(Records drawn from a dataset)
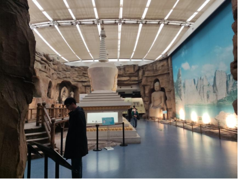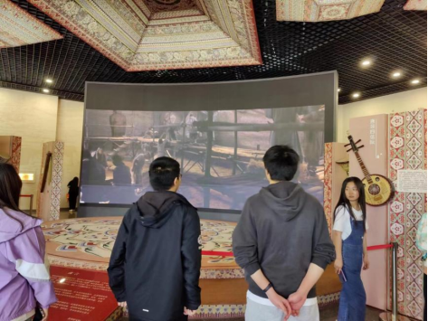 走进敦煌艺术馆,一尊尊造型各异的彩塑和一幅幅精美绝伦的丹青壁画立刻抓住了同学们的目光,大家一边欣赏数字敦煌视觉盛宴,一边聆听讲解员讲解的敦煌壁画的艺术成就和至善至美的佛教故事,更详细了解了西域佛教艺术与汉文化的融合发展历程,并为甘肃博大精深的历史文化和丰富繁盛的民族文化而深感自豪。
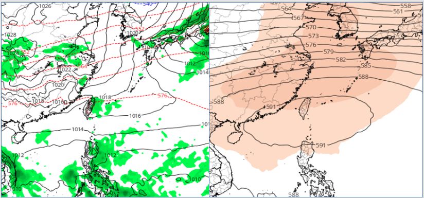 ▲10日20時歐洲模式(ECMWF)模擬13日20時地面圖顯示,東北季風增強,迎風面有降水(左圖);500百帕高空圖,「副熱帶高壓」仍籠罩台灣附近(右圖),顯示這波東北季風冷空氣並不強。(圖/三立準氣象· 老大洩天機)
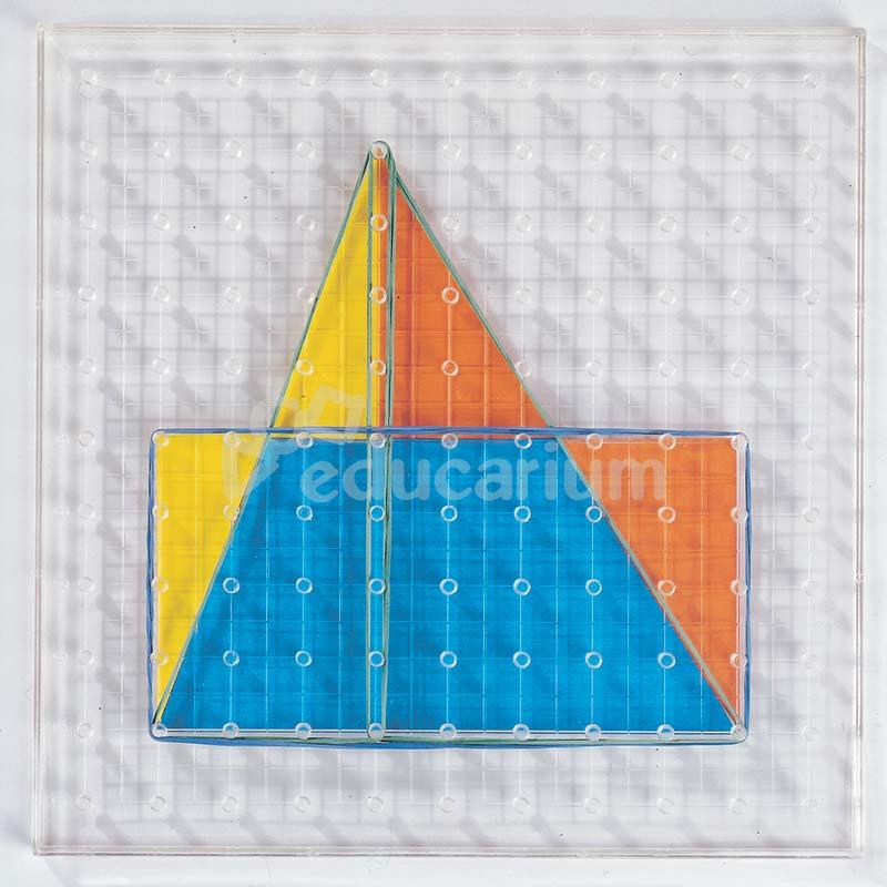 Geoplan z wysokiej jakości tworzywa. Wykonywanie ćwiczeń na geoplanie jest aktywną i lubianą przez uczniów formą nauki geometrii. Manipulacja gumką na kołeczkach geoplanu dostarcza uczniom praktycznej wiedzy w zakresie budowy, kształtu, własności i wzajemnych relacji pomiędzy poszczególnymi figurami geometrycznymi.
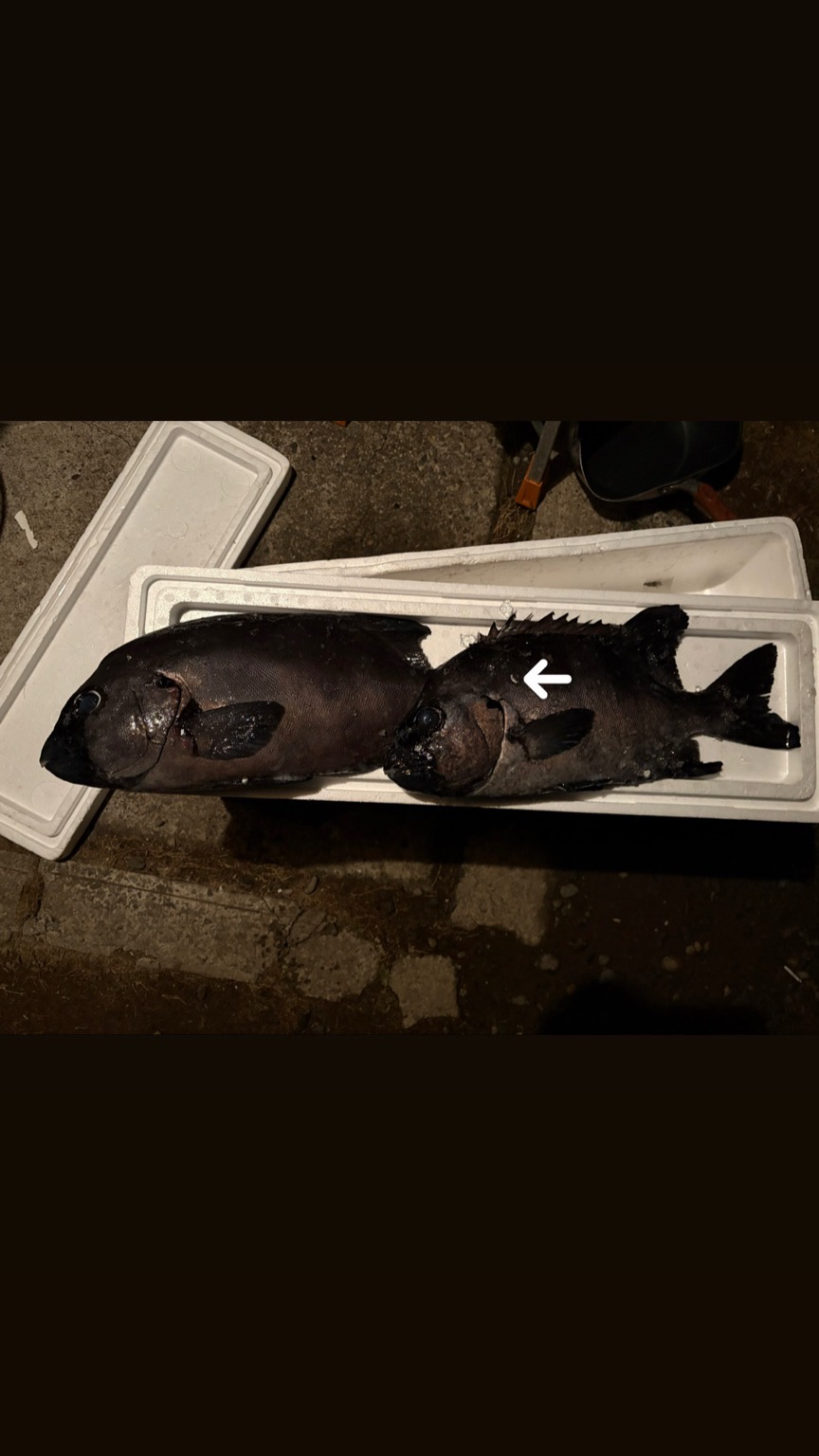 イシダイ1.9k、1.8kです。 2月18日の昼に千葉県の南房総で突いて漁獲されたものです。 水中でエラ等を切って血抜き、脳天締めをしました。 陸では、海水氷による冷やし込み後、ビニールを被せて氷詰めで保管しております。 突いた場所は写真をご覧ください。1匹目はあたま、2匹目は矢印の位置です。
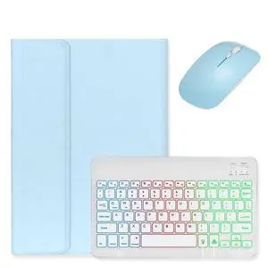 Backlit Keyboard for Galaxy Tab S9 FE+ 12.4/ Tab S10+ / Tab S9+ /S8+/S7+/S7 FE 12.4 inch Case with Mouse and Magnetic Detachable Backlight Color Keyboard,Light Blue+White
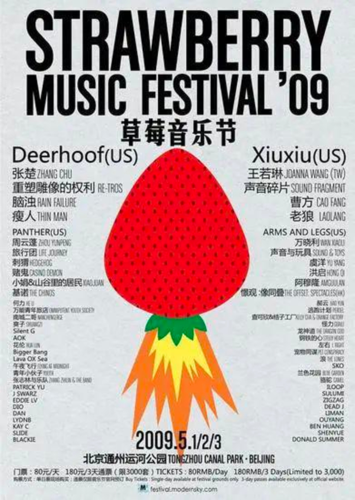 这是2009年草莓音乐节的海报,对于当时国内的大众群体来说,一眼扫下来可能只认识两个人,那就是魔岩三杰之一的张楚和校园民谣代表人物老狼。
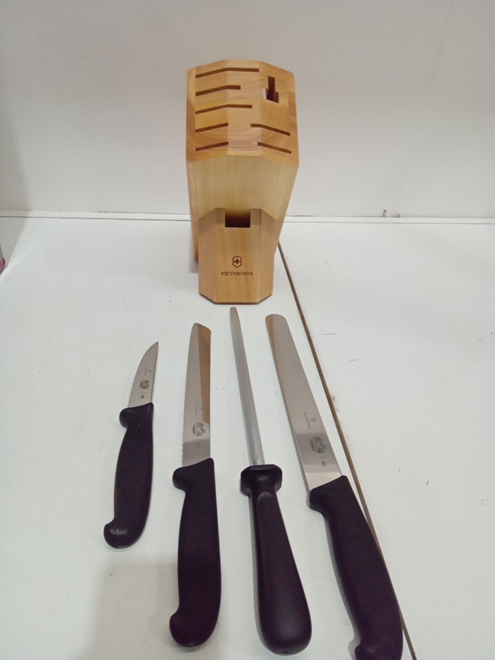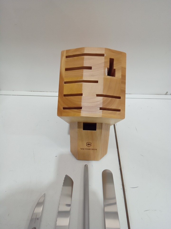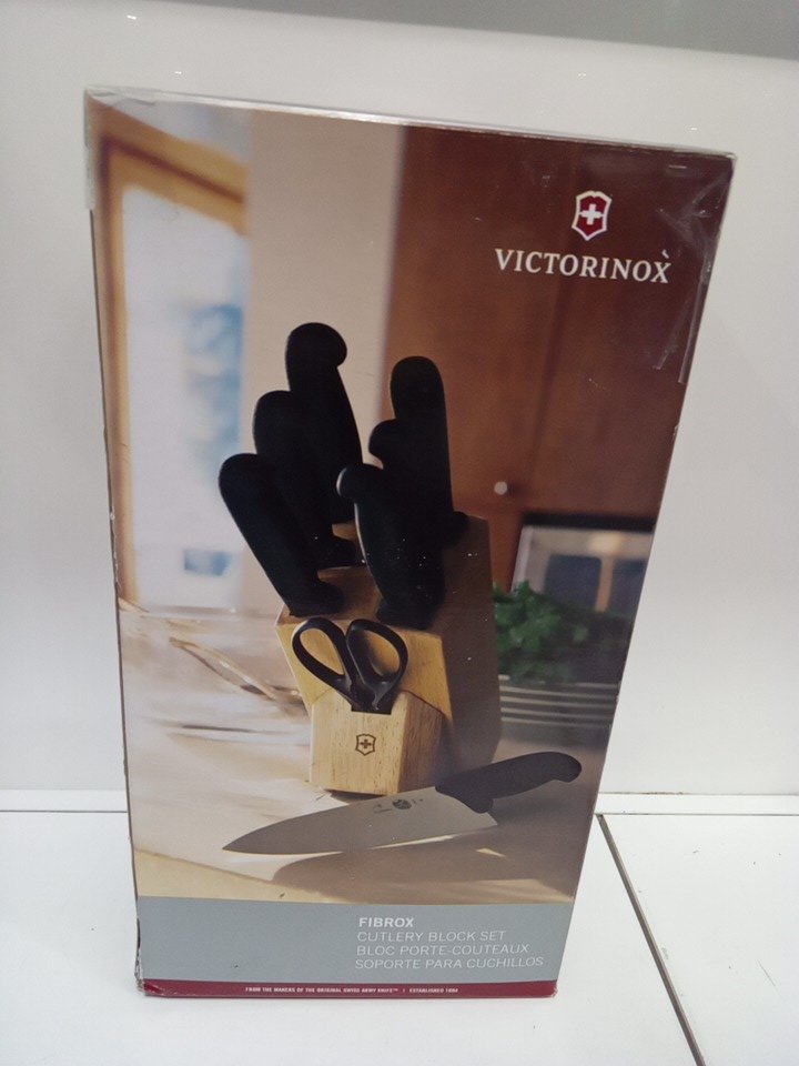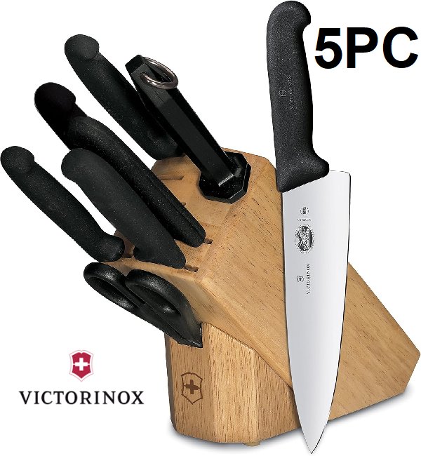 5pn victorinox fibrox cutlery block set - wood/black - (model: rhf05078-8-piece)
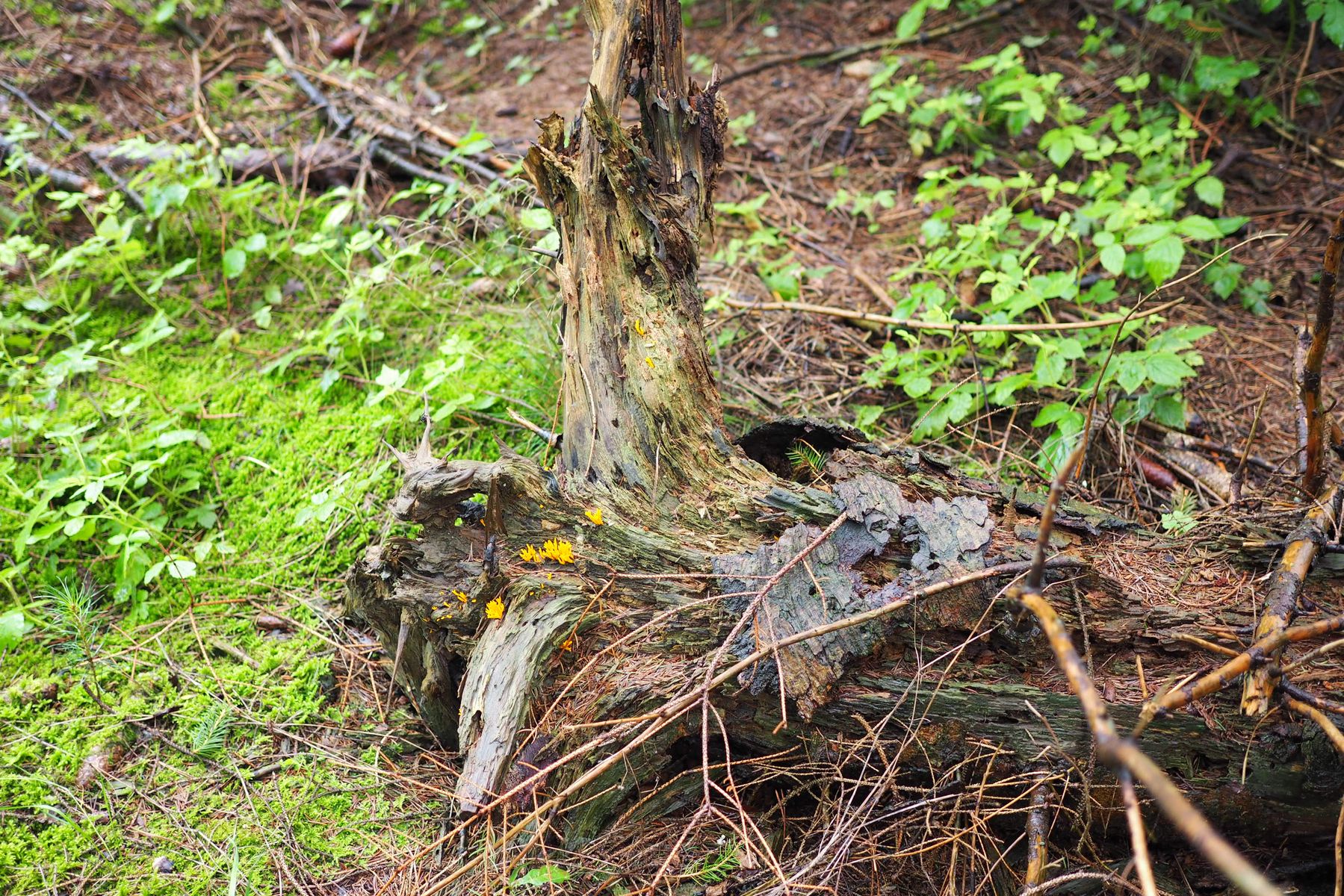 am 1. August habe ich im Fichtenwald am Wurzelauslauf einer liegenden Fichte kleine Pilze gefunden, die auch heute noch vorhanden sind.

→ **WORK INSTRUCTION**
Your output should consist solely of the lines from the line containing "5pn victorinox fibrox" through the last line of the entries, verbatim, minus any pictures.

→ **SOLVED EXERCISE**
 5pn victorinox fibrox cutlery block set - wood/black - (model: rhf05078-8-piece)
 am 1. August habe ich im Fichtenwald am Wurzelauslauf einer liegenden Fichte kleine Pilze gefunden, die auch heute noch vorhanden sind.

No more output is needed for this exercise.